Problem to solve:
A word-for-word copy of the data, with no images, is the required answer.

Data below:
+ + +

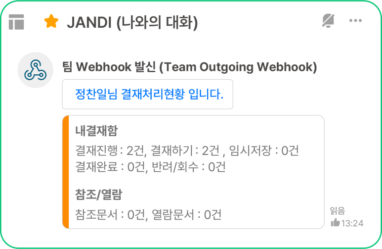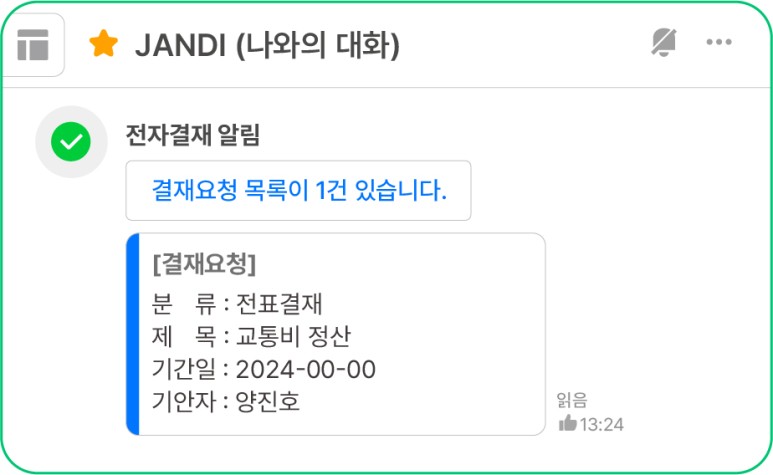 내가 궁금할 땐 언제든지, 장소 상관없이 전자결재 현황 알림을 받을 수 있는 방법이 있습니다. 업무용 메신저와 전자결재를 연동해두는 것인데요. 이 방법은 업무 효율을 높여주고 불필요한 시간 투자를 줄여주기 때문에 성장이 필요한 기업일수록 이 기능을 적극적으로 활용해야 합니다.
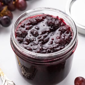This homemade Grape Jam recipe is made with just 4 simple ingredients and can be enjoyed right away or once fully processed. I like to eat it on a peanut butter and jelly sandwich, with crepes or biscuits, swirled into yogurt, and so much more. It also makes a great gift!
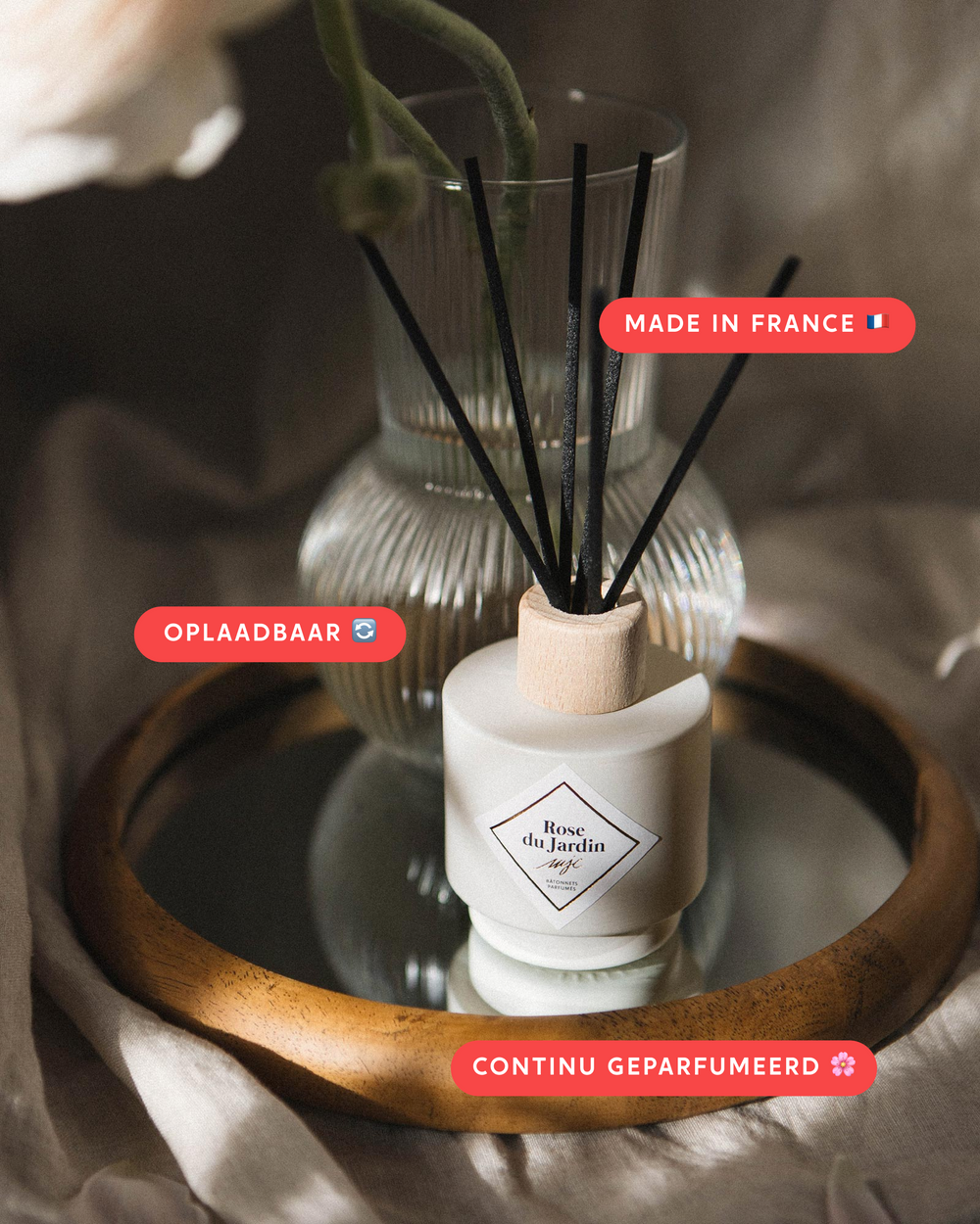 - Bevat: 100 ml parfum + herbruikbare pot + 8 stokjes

+ + +

Task result:
 내가 궁금할 땐 언제든지, 장소 상관없이 전자결재 현황 알림을 받을 수 있는 방법이 있습니다. 업무용 메신저와 전자결재를 연동해두는 것인데요. 이 방법은 업무 효율을 높여주고 불필요한 시간 투자를 줄여주기 때문에 성장이 필요한 기업일수록 이 기능을 적극적으로 활용해야 합니다.
This homemade Grape Jam recipe is made with just 4 simple ingredients and can be enjoyed right away or once fully processed. I like to eat it on a peanut butter and jelly sandwich, with crepes or biscuits, swirled into yogurt, and so much more. It also makes a great gift!
 - Bevat: 100 ml parfum + herbruikbare pot + 8 stokjes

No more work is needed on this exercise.